**INSTRUCTIONS TO FOLLOW:**
Your reply should contain the whole listing below, repeated exactly, and no images.

**DATA PROVIDED:**
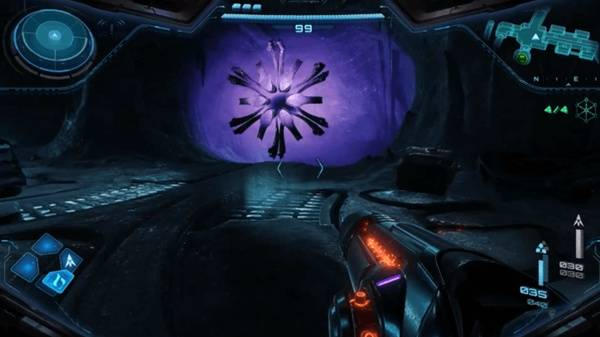 首先找到心灵锁右侧带有裂纹的强化玻璃,击碎玻璃后进入后方的准备走廊(Staging Corridor)。走到走廊尽头的房间,找到被闸门挡住的变形球通道(Morph Ball vent),击碎闸门后滚动通过,扫描桌上的直立容器即可获得密码碎片。
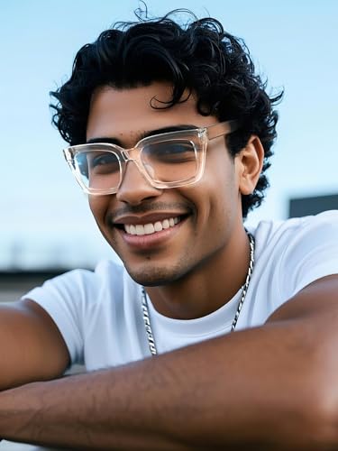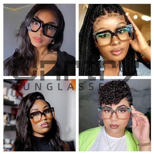 Click for More Images LARGE FRAME BLUE LIGHT GLASSES for Woman Men:The big frame glasses for women men can reduce glare and protect eyesight, travel with fashion.And the chunky glasses for women men design keeps you looks professional and elegant...
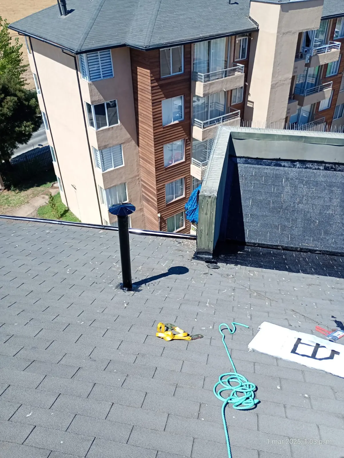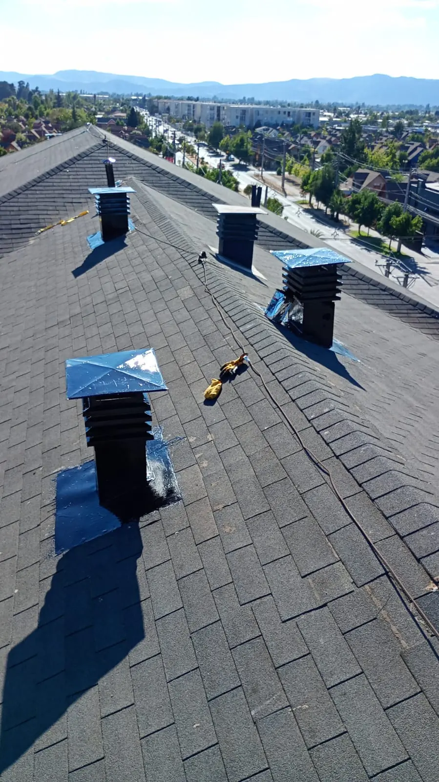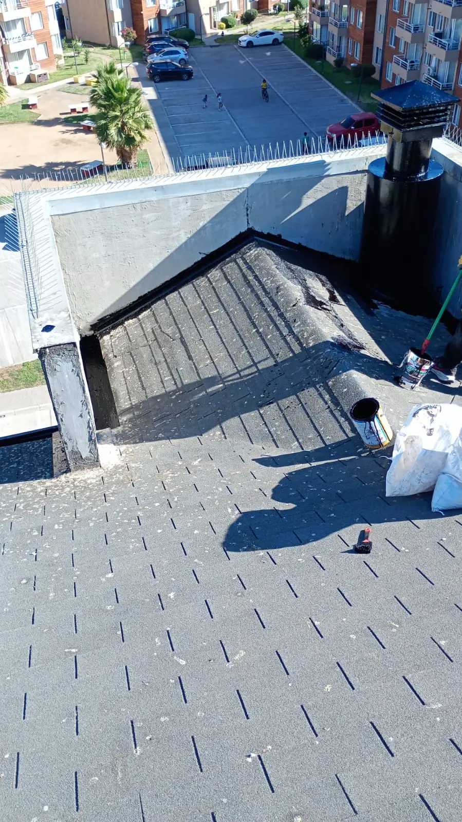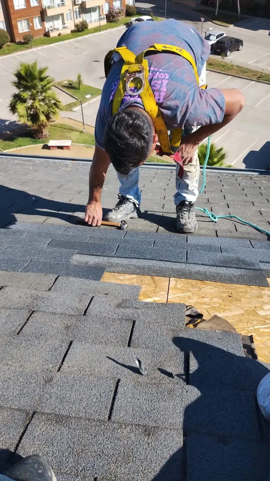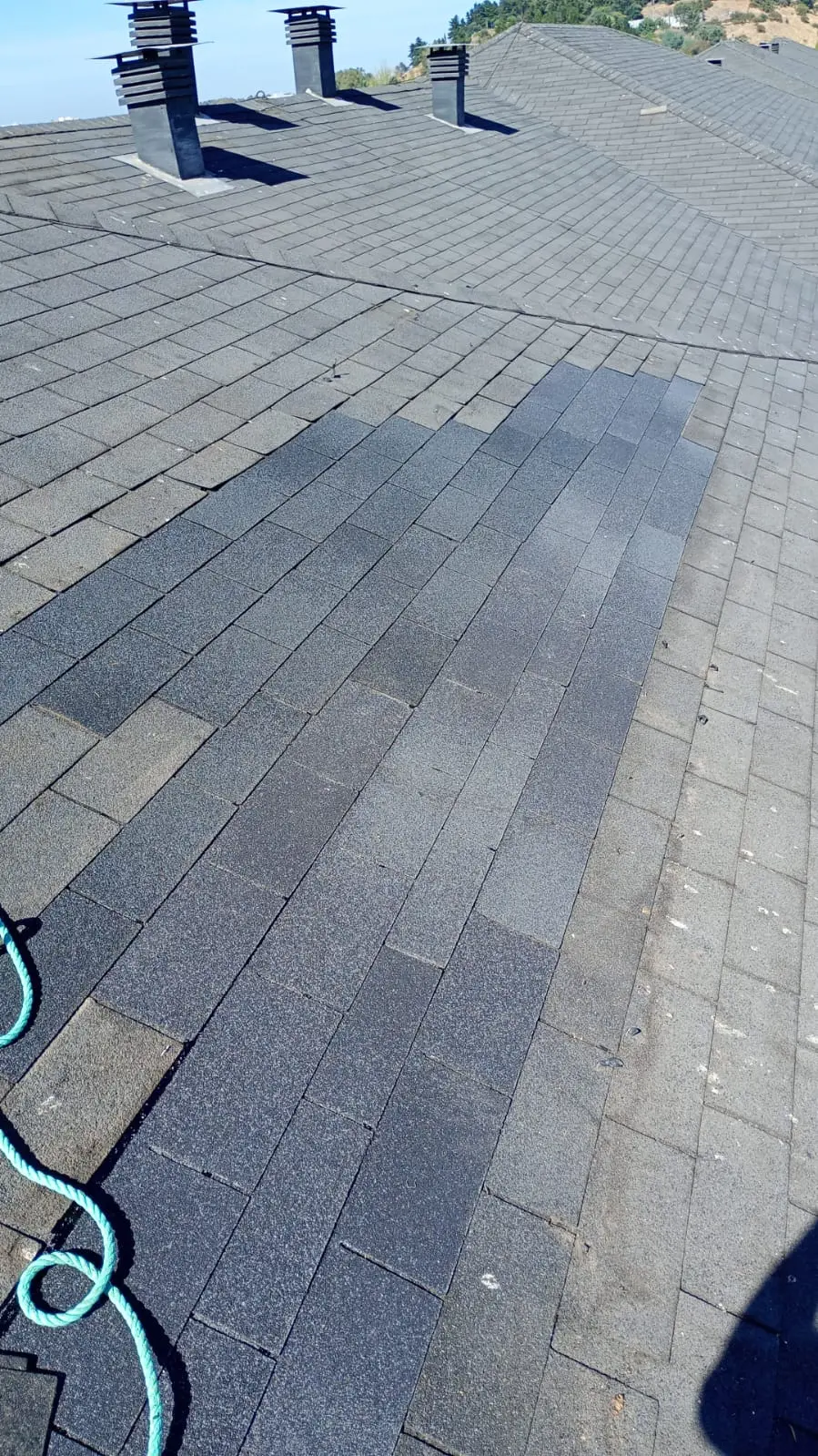 - Faltantes de teja asfáltica: faltan tejas asfálticas en diferentes sectores de las torres.
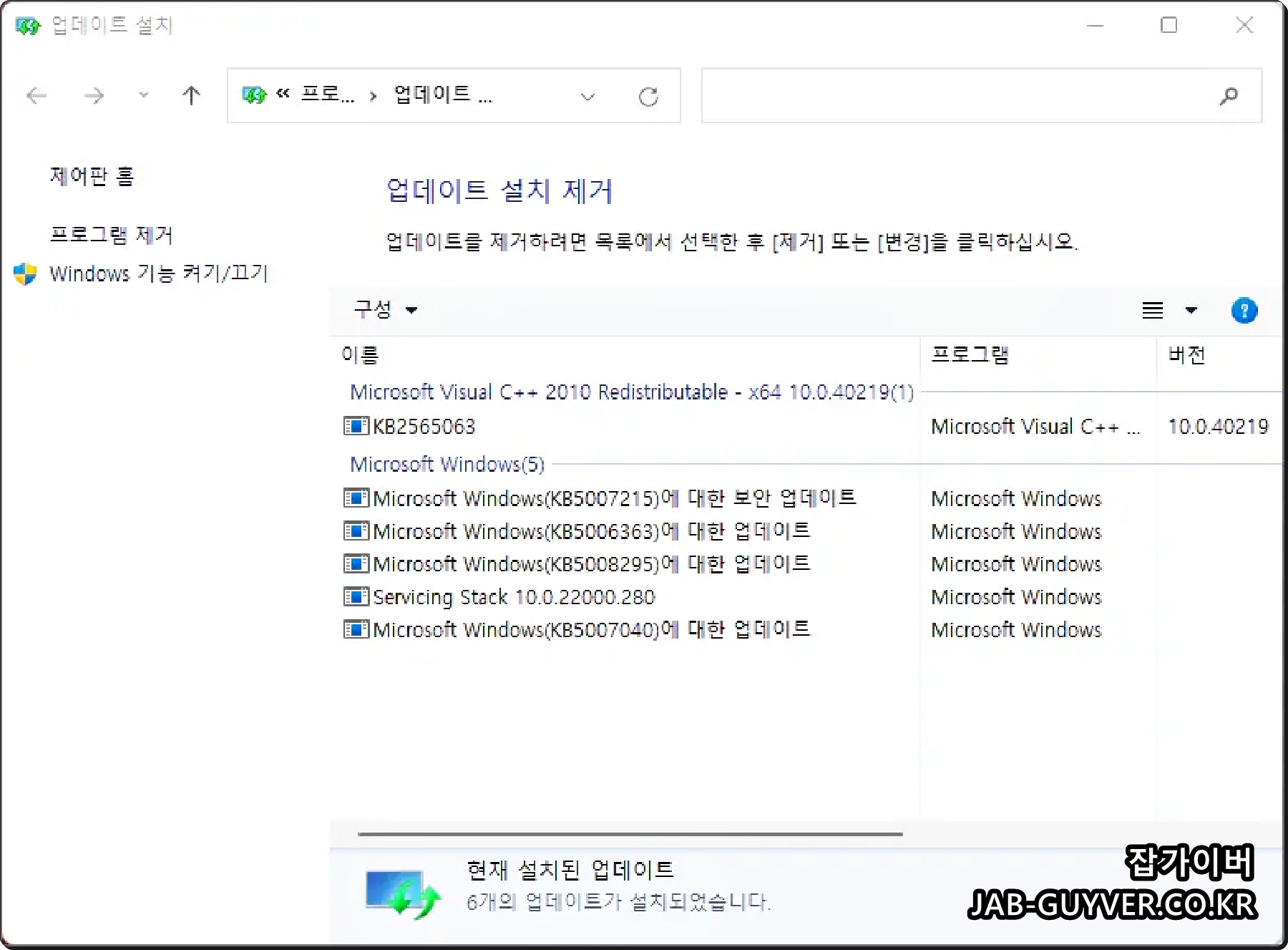 윈도우11 업데이트 제거 재설치 및 차단방법

**YOUR RESPONSE:**
 首先找到心灵锁右侧带有裂纹的强化玻璃,击碎玻璃后进入后方的准备走廊(Staging Corridor)。走到走廊尽头的房间,找到被闸门挡住的变形球通道(Morph Ball vent),击碎闸门后滚动通过,扫描桌上的直立容器即可获得密码碎片。
 Click for More Images LARGE FRAME BLUE LIGHT GLASSES for Woman Men:The big frame glasses for women men can reduce glare and protect eyesight, travel with fashion.And the chunky glasses for women men design keeps you looks professional and elegant...
 - Faltantes de teja asfáltica: faltan tejas asfálticas en diferentes sectores de las torres.
 윈도우11 업데이트 제거 재설치 및 차단방법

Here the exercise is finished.